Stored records
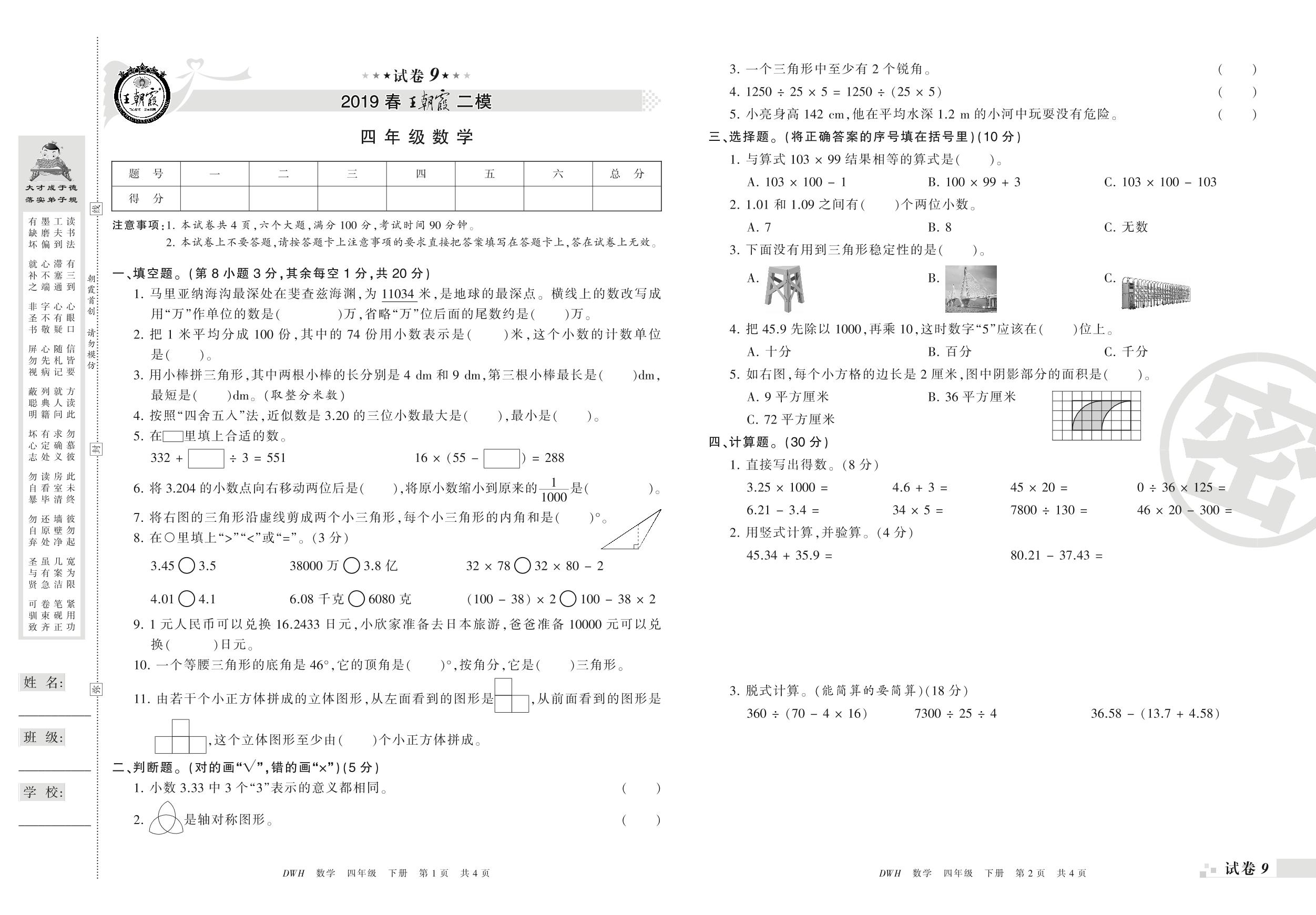 王朝霞期末模拟卷四年级下册数学(人教版)_R210804150318【9】
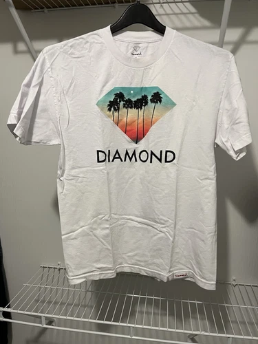 Diamond Supply Co Mens Sz L White Cotton Crew T-Shirt Skateboard Palm Tree Logo
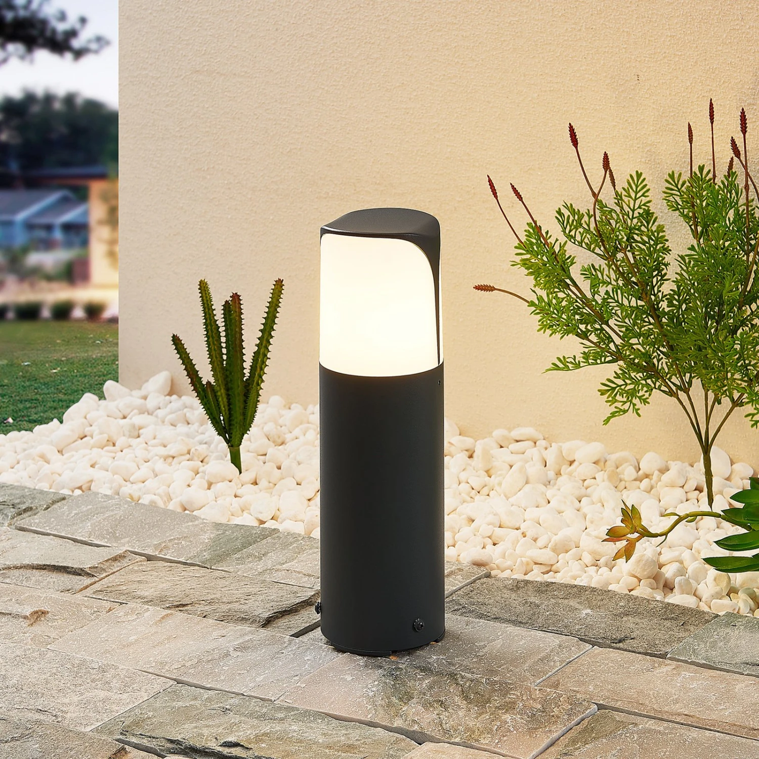 Dunkelgraues Aluminium wird hier geschickt komibiniert mit einem opalweißen Diffusor, sodass beide im Gesamtbild die elegante Form der modernen Sockelleuchte Paikea ergeben. Einsetzbar im gesamten Außenbereich rund ums Haus, erleuchtet Paikea Treppenaufgänge, kleine Mauern, Bereiche an der Terrasse oder auch am Hauseingang.
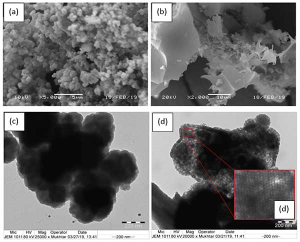 使用SEM,TEM,TGA和XRD分析活性炭的表面形態(tài),熱性質(zhì)和結(jié)晶度。用作活性炭前體的圖像(圖1a,c)顯示其典型的形態(tài)為花椰菜樣結(jié)構(gòu),這種形態(tài)似乎是由于與其中摻雜地嵌入無序聚合鏈形成的。然而,聚吡咯的球形結(jié)構(gòu)通過碳化過程被破壞,導(dǎo)致粗糙,粗糙的表面由不規(guī)則的尖角和剝離狀顆粒組成,在SEM圖像中幾乎沒有孔隙的跡象�;钚蕴烤圻量┑腡EM圖像如圖1d所示表示觀察到均勻分布的微孔。此外,TEM圖像描繪了高度豐富和對(duì)稱的孔隙,表面積和微孔率的值對(duì)應(yīng)于該活性炭。發(fā)現(xiàn)隨著活化劑用量的增加,表面積增加,孔隙率增加。
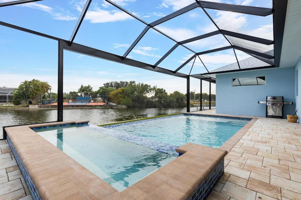 Enjoy the best of Cape Coral in our House, Waterfront home with private pool, dock, patio, balconies, & bikes. A stunning property with amenities including Air conditioning, Balcony/Terrace and Dryer, and more.
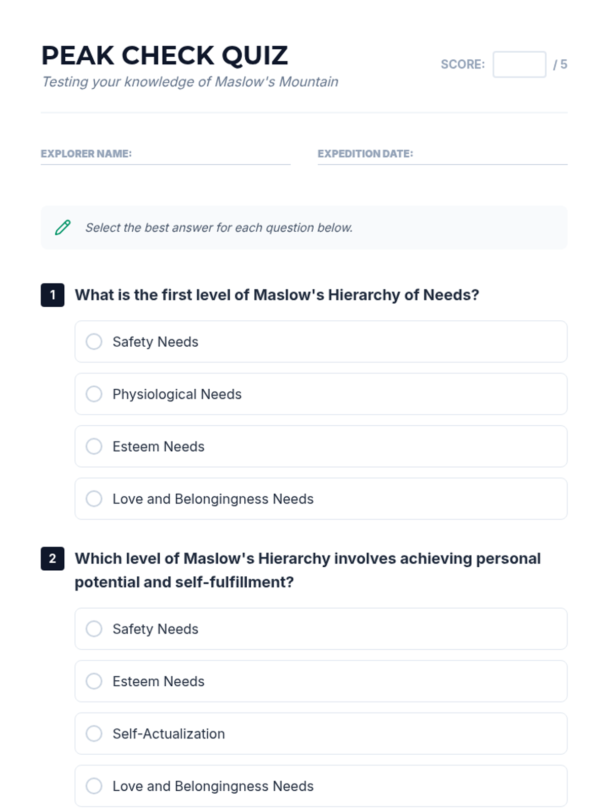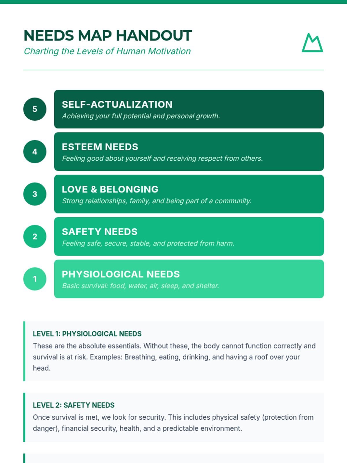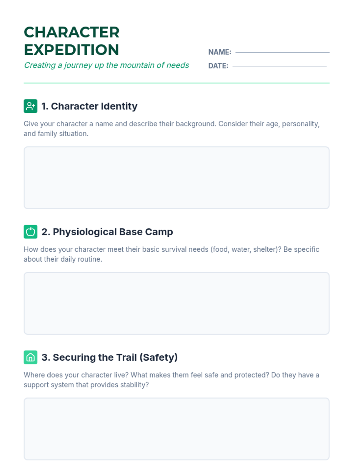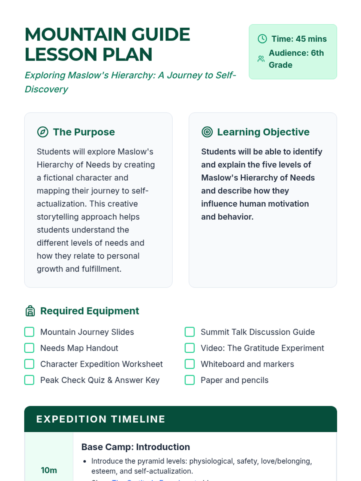 Students explore Maslow's Hierarchy of Needs by creating a fictional character and mapping their journey to self-actualization. This creative approach fosters empathy and a deep understanding of human motivation and personal growth.

**Task details**
Output a verbatim copy of the lines from the line containing "Enjoy the best" through the end of the data, both included, without any images.

**Response area**
 Enjoy the best of Cape Coral in our House, Waterfront home with private pool, dock, patio, balconies, & bikes. A stunning property with amenities including Air conditioning, Balcony/Terrace and Dryer, and more.
 Students explore Maslow's Hierarchy of Needs by creating a fictional character and mapping their journey to self-actualization. This creative approach fosters empathy and a deep understanding of human motivation and personal growth.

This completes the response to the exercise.